● **Extracted data**

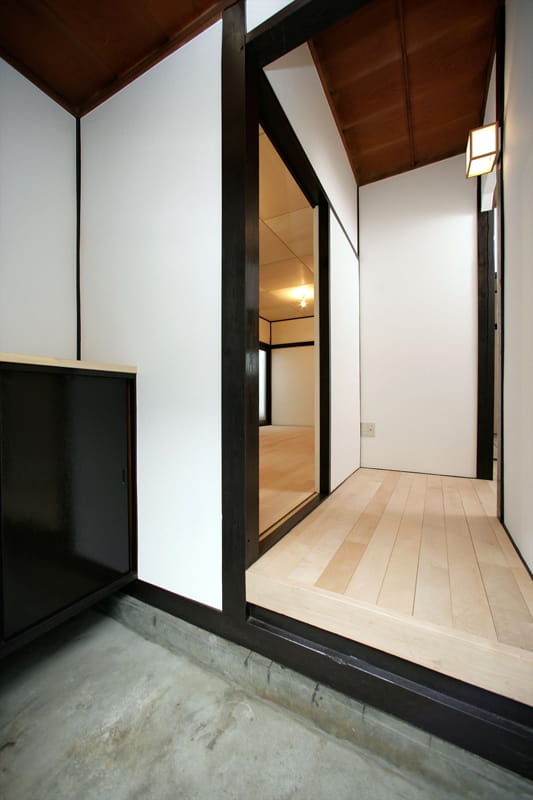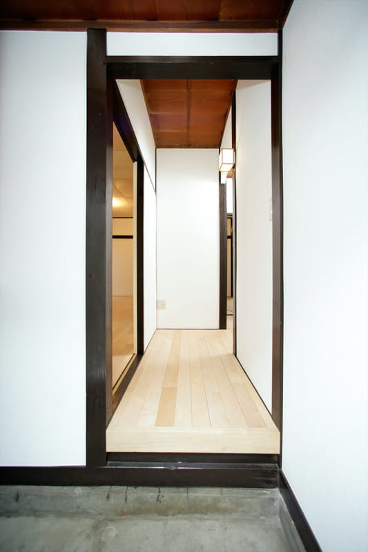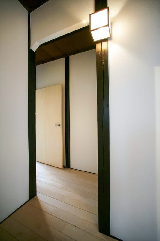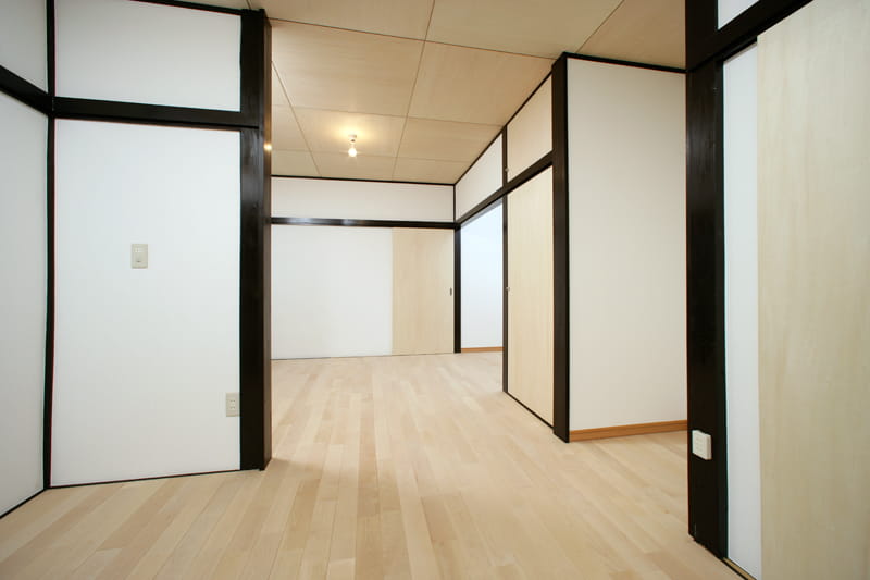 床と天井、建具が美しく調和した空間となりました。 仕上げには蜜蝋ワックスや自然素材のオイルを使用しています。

--

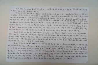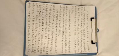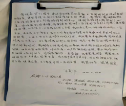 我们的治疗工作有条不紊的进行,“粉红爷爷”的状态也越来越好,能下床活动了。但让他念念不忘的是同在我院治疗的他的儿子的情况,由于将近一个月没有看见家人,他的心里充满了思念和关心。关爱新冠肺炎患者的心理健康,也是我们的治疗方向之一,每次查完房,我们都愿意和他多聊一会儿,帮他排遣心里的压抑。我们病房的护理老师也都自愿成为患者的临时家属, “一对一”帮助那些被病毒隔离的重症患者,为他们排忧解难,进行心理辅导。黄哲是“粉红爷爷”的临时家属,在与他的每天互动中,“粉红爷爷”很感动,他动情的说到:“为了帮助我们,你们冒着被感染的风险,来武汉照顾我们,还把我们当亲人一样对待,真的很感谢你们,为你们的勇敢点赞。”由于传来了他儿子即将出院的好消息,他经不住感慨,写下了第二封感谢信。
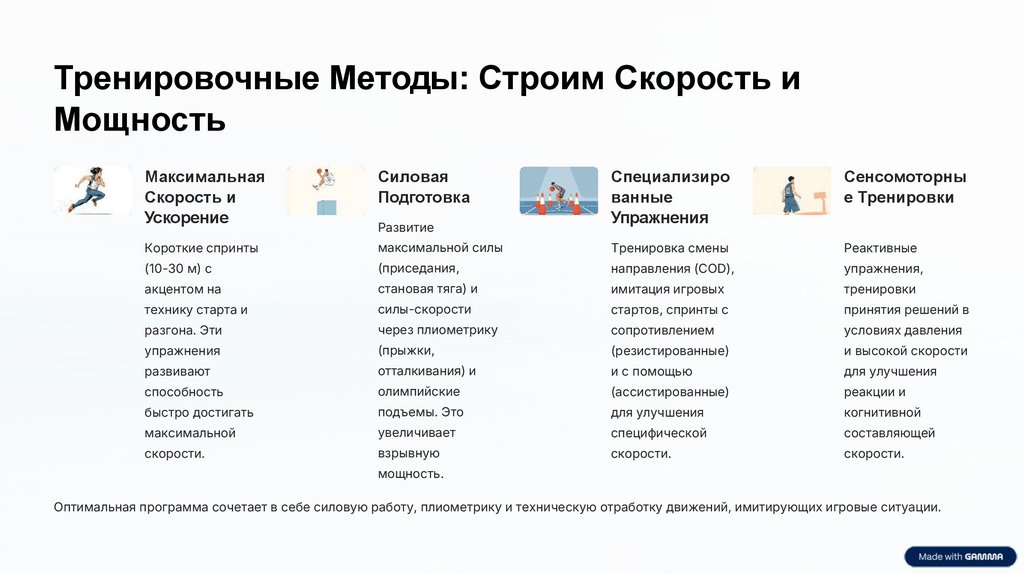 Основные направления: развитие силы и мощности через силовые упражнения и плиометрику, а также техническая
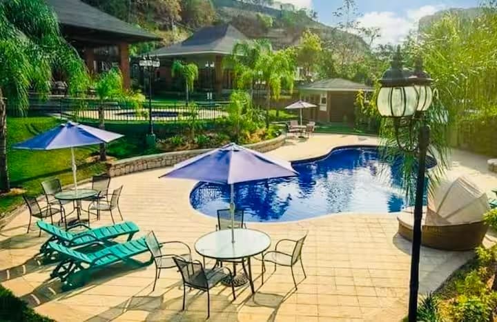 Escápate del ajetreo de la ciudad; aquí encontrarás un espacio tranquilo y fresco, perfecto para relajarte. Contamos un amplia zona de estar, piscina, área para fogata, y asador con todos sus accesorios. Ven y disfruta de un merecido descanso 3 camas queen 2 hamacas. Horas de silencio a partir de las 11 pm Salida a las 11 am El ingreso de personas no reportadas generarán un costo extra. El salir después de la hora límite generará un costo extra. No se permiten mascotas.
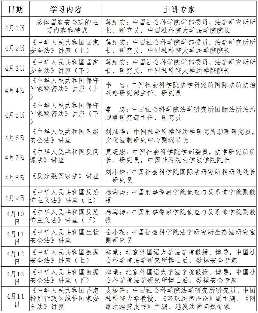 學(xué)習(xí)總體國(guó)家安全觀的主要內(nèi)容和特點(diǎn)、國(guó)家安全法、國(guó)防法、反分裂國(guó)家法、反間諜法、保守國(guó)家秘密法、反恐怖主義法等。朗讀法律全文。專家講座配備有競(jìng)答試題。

● **Exercise directions**
Treat the line with "Основные направления: развитие" as the start and the line with "Escápate del ajetreo" as the end, and return exactly that span of the data above, both ends included, without pictures.

● **Finished task**
 Основные направления: развитие силы и мощности через силовые упражнения и плиометрику, а также техническая
 Escápate del ajetreo de la ciudad; aquí encontrarás un espacio tranquilo y fresco, perfecto para relajarte. Contamos un amplia zona de estar, piscina, área para fogata, y asador con todos sus accesorios. Ven y disfruta de un merecido descanso 3 camas queen 2 hamacas. Horas de silencio a partir de las 11 pm Salida a las 11 am El ingreso de personas no reportadas generarán un costo extra. El salir después de la hora límite generará un costo extra. No se permiten mascotas.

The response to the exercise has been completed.